• Collected material
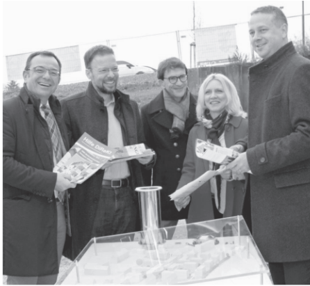
Foto: v.l. Peter Schreiber, Dr. Thomas Nitzsche, Frank und Ellen Herrmann, Michael Rabich

Nach einer umfangreichen Anlauf-, Konzept-, Planungs- und Erschließungsphase sind die Weichen nun gestellt und der erste Stein für den neuen Gebäudekomplex "Quartier IV - Rosepark ATRIUM" an der Naumberger Straße in Jena Nord wurde symbolisch gesetzt sowie eine Zeitkapsel versenkt.
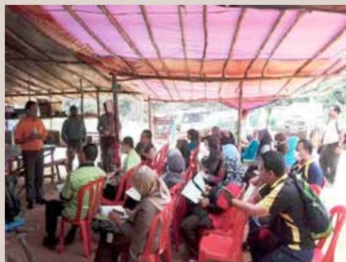
Taklimat oleh Pegawai Hutan Daerah Kuantan/Pekan/Maran di perkarangan kongsi lesen pengusahasilan

Program ini adalah kerjasama antara pihak pejabat SUK Pahang bersama dengan Jabatan Perhutanan Negeri Pahang yang bertujuan memberi pendedahan kepada pihak luar tentang pembalakan yang melibatkan pelbagai proses teknikal bermula dari penandaan pokok, penebangan pokok, pemindahan kayu balak, kutipan cukai dan sehingga kayu di bawa keluar dari kawasan lesen. Selain itu program ini juga bertujuan untuk memberi penjelasan tentang prosedur dan tanggungjawab kakitangan pakaian seragam Jabatan Perhutanan Negeri Pahang di lapangan. Kerja pembalakan sentiasa mengikut Standard Operation Prosedure (SOP) untuk menjamin kelestarian dan pemeliharaan sumber hutan yang berkekalan setiap masa.

• Your task
A single number is required: the count of lines in the data above that include the string "lesen".

• Solution to the problem
2